We’ve been lucky to learn from some of the greats in the many varied fields that ranching encompasses, cattle handling, horsemanship, soil health, grass management, even economic analysis. I’m ever thankful for a partner in Mark that shares my love of lifelong education. Let’s see, what learning opportunity is next?  

Jack helping Anita's Rob get it right

a mild January morning

Saturday, January 3, 2015

Wrapping up 2014

It’s been hovering around ten degrees below zero every morning for a few days. The cows need fed regardless of the weather and especially so in severe conditions. Mark is finding out the downside of the new used diesel truck we bought which is not wanting to start. The old '73 International and the '77 Ford fired up just fine though! I’ll even forgive the passenger door on the Ford that won’t open from the outside. Actually reaching across the seat to open the door for the feeder person is second nature. 

Callie made her way back to New York City, catching a plane at 5:40 am on New Year’s day. This followed a celebration the night before at her grandpa’s dance barn. I imagine she had quite a culture shock when she arrived back at La Guardia Airport. It was 48 degrees there on the east coast which only scratches the surface of the differences between the two places.

Gary’s dance barn, an old milking facility with a hardwood floor in the free stall area and a bar in the milking parlor, usually hosts a New Year’s Eve party.

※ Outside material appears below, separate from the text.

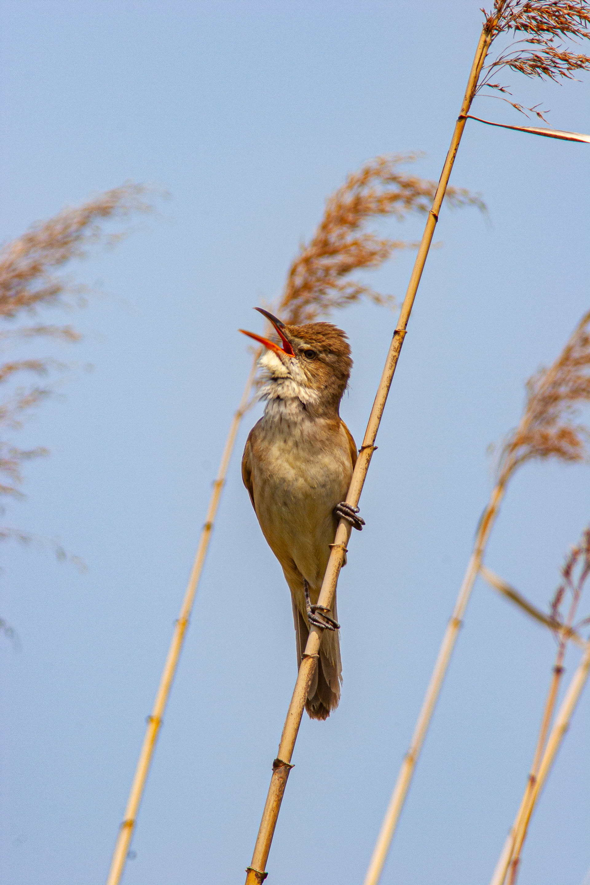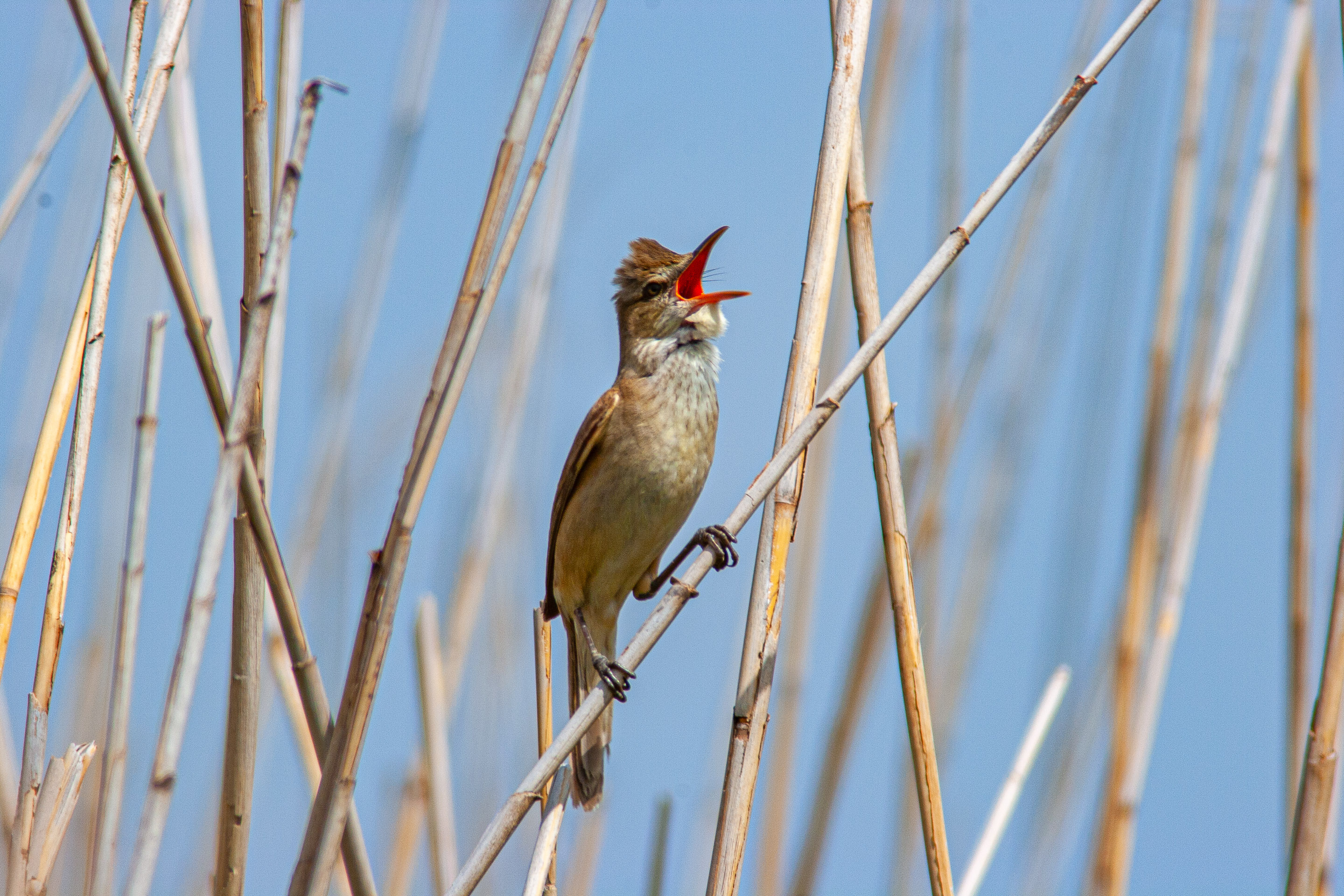 そのうち目を凝らして鳴いている方向をじっと見つめていると葦の合い間に鳥を見つけることができました。これがオオヨシキリでした。メスを求めているのでしょうか、縄張りがあるのでしょうか、やたら声がでかいです。そして、口を大きく開けて鳴きます。あまり美しいとは言えない鳥ですが、力強い生命力を感じることができました。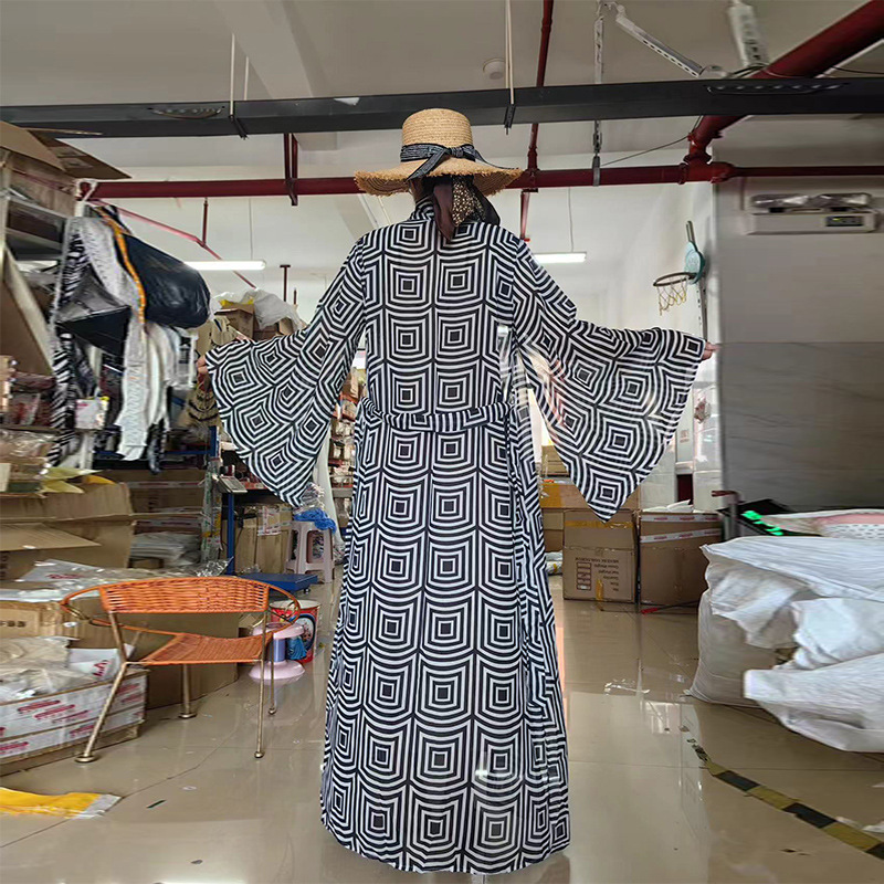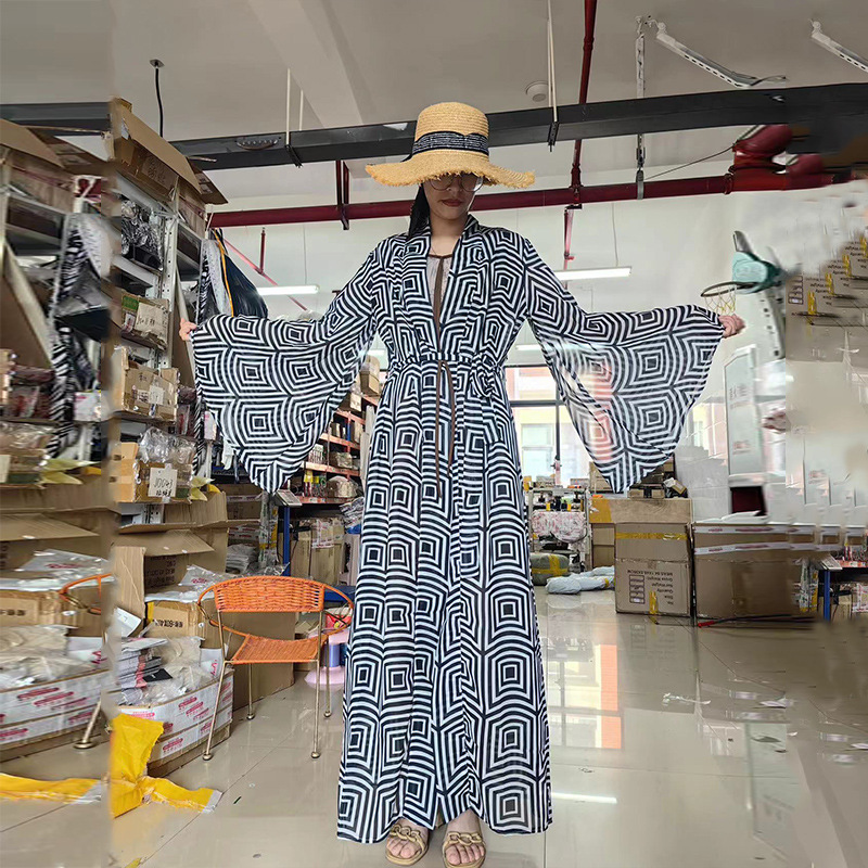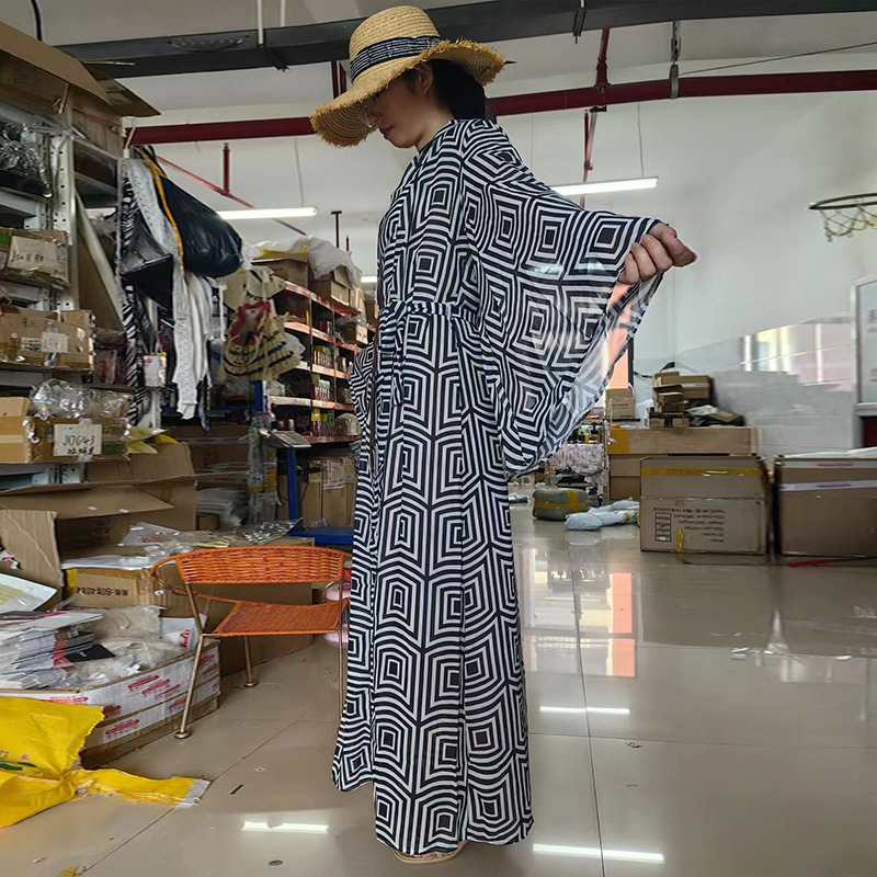 Chiffon Positioning Printing Vacation Loose Long Sleeved Beach Coat Long Cardigan Bikini Outer Blouse

The dance was a good one this year because of all the young adults that showed up. Someone said dancing is a time honored “safe” way for males and females to come together. There wasn’t much mixing though until our kids got them involved in the Virginia Reel, an old folk dance where the boys line up on one side and the girls on the other. After much do-se-doing and sashaying and “swing your partner” they got mixed up right good.

There were lots of little kids too, young enough to dance freely without all those annoying insecurities that emerge at about 11 years old. We don’t dance enough in our world. Mark’s grandma and grandpa as young marrieds danced every week at one venue or another, changing partners throughout the evening. And you didn’t go home early just because you had little kids. Grandma Bonny says the kids would play until they fell asleep on benches along the edge of the dance floor. And if you ask me, that is much healthier than insisting they go home at 9:00 pm because “it’s their bedtime.”

My favorite part of any dance is watching my family out on the floor together. Seth is good to dance with his sisters and Mark can still cut a rug with Callie and Anna at the western swing. They don’t get dizzy like I do!